Г.Ш.: - Мне так не кажется. Прошли времена, когда в России на писателя смотрели как на учителя жизни, философа, проповедника, светоча экономической и политической мудрости. И слава богу, что прошли. Тогда, в мае, так много людей вышло на московские бульвары не из-за уважения к писателям, а потому, что очень уж тревожная в городе сложилась ситуация. Все чувствовали, что пора как-то привести в разум чрезмерно развоевавшуюся полицию.
«AиФ»: - Опубликовав свой предыдущий роман «Аристономия», вы можете сравнить: какого рода книги более востребованы и лучше продаются - серьёзная литература или беллетристика?
Г.Ш.: - Конечно, беллетристика всегда будет продаваться лучше, чем та литература, читать которую трудно. Это нормально. Читателям ведь от книги в разное время нужно разное. Чаще всего - просто отвлечься от повседневности, отдохнуть. Но иногда нужно найти ответы на какие-то важные жизненные вопросы. Для этого и существует серьёзная литература. Может быть, она что-то подскажет. По себе знаю: несколько книг, прочитанных в правильный момент, определили всю мою жизнь.
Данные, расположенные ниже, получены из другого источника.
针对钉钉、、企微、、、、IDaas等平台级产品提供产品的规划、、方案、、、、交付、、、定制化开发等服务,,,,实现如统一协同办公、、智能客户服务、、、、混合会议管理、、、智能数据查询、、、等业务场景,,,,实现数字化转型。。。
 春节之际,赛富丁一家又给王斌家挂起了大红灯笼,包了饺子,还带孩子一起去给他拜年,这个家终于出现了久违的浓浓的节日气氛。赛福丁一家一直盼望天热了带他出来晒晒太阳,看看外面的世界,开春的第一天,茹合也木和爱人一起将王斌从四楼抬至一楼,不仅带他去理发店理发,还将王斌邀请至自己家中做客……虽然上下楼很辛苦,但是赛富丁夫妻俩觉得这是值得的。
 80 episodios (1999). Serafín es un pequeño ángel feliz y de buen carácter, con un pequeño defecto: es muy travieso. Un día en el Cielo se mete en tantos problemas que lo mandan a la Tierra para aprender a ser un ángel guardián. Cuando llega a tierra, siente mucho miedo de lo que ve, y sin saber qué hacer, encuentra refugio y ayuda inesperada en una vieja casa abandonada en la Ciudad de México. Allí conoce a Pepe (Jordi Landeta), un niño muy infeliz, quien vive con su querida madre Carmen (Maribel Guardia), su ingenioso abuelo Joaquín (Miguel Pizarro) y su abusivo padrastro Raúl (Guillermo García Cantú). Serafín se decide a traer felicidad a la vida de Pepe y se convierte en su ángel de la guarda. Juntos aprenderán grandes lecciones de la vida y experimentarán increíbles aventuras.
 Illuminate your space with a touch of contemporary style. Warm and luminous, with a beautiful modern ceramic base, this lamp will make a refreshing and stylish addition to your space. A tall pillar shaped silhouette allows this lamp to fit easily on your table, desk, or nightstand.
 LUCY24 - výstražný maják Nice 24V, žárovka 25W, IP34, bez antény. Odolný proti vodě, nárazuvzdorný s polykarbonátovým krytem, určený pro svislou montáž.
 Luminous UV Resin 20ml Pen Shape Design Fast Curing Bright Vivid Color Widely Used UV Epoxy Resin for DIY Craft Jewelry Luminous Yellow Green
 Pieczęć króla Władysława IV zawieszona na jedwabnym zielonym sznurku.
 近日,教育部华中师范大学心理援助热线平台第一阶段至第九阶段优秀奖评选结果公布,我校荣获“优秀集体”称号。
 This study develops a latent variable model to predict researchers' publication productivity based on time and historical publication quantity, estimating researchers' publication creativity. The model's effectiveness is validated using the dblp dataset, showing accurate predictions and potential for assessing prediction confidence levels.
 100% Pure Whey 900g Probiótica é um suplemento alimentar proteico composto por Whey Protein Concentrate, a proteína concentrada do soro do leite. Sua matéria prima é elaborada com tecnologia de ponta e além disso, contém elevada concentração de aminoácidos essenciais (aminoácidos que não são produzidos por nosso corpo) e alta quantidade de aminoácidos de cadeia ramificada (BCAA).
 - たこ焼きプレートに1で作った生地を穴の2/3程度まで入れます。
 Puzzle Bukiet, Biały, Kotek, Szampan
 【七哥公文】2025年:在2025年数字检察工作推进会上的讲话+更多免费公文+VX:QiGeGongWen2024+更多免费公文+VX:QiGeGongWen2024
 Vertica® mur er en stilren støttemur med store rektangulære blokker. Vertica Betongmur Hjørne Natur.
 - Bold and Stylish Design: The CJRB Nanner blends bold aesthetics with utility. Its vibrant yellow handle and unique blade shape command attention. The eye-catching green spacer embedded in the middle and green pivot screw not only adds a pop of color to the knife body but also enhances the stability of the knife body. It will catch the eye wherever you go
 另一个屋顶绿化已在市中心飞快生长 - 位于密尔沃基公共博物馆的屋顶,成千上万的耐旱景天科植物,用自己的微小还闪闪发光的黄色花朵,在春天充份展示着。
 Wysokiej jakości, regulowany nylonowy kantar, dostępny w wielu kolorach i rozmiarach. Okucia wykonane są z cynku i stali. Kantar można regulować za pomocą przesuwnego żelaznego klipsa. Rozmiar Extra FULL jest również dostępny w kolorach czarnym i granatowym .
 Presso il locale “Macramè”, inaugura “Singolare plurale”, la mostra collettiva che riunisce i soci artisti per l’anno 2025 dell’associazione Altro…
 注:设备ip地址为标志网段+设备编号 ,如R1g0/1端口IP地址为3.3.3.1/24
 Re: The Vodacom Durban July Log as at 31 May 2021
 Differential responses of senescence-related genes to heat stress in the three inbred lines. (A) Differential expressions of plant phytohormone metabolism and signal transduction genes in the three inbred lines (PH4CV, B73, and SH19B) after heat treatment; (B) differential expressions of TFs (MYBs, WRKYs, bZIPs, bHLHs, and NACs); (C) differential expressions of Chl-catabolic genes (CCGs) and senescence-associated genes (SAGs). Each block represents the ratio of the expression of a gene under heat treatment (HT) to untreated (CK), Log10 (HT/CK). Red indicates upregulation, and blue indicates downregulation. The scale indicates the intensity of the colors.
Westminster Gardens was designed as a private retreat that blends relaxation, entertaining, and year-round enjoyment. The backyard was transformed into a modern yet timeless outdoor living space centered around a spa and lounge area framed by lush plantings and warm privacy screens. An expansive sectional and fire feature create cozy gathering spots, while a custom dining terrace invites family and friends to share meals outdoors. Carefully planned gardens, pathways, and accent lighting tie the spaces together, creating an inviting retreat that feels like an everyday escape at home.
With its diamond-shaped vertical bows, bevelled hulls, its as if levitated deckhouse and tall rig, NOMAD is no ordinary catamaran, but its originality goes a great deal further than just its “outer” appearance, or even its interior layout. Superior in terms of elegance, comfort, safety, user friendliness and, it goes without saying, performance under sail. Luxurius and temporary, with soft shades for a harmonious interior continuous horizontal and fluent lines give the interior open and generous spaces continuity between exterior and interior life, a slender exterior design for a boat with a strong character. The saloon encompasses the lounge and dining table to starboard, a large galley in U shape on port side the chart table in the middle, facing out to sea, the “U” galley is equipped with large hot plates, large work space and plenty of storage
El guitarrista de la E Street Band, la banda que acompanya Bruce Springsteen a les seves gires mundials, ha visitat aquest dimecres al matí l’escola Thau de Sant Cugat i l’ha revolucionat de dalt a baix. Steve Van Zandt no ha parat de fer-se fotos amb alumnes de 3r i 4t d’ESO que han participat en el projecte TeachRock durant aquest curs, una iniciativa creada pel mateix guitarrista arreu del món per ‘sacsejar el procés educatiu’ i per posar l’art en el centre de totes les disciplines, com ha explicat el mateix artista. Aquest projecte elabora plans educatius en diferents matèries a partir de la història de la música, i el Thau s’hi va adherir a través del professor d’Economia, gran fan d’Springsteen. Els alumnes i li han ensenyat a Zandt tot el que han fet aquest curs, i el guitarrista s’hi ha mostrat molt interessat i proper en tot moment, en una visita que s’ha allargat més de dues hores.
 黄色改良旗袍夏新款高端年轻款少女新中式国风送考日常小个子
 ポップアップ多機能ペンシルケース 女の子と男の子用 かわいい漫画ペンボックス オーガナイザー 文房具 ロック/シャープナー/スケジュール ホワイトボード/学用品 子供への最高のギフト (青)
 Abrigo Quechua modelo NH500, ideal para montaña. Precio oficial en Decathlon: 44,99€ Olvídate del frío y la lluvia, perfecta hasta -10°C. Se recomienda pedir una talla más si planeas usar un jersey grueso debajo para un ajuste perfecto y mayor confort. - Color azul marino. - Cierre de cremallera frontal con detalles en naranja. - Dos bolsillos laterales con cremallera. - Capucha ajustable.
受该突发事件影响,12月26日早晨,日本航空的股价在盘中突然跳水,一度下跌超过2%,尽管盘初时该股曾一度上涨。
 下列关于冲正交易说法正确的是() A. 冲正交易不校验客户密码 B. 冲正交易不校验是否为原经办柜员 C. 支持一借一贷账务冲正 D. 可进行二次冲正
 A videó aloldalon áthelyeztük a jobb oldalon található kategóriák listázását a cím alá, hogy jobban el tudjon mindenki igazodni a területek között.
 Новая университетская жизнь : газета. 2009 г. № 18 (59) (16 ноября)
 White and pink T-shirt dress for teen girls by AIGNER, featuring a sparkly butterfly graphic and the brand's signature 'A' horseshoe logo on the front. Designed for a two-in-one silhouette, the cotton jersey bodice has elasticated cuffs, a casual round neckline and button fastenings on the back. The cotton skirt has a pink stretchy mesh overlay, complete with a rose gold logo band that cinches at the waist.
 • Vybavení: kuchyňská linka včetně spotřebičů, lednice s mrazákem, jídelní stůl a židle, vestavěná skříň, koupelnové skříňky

«AиФ»: - Вы, с одной стороны, производите впечатление открытого человека - активно общаетесь с вашими читателями в Интернете, а с другой стороны, отказываетесь от «живых» интервью, предпочитаете виртуальное общение. Почему?
Г.Ш.: - Я не отказываюсь, когда мне есть что сказать. Но просьбы об интервью поступают - я не преувеличиваю - по два-три-четыре раза в день. Тут уж или книжки писать, или языком болтать. На телевидение я давно уже не хожу. Ехать по пробкам в студию, потом обратно - полдня пропало. И потом, у меня нет такого количества мыслей, чтобы всё время говорить что-то новое, а превращаться в попугая и долдонить одно и то же неохота.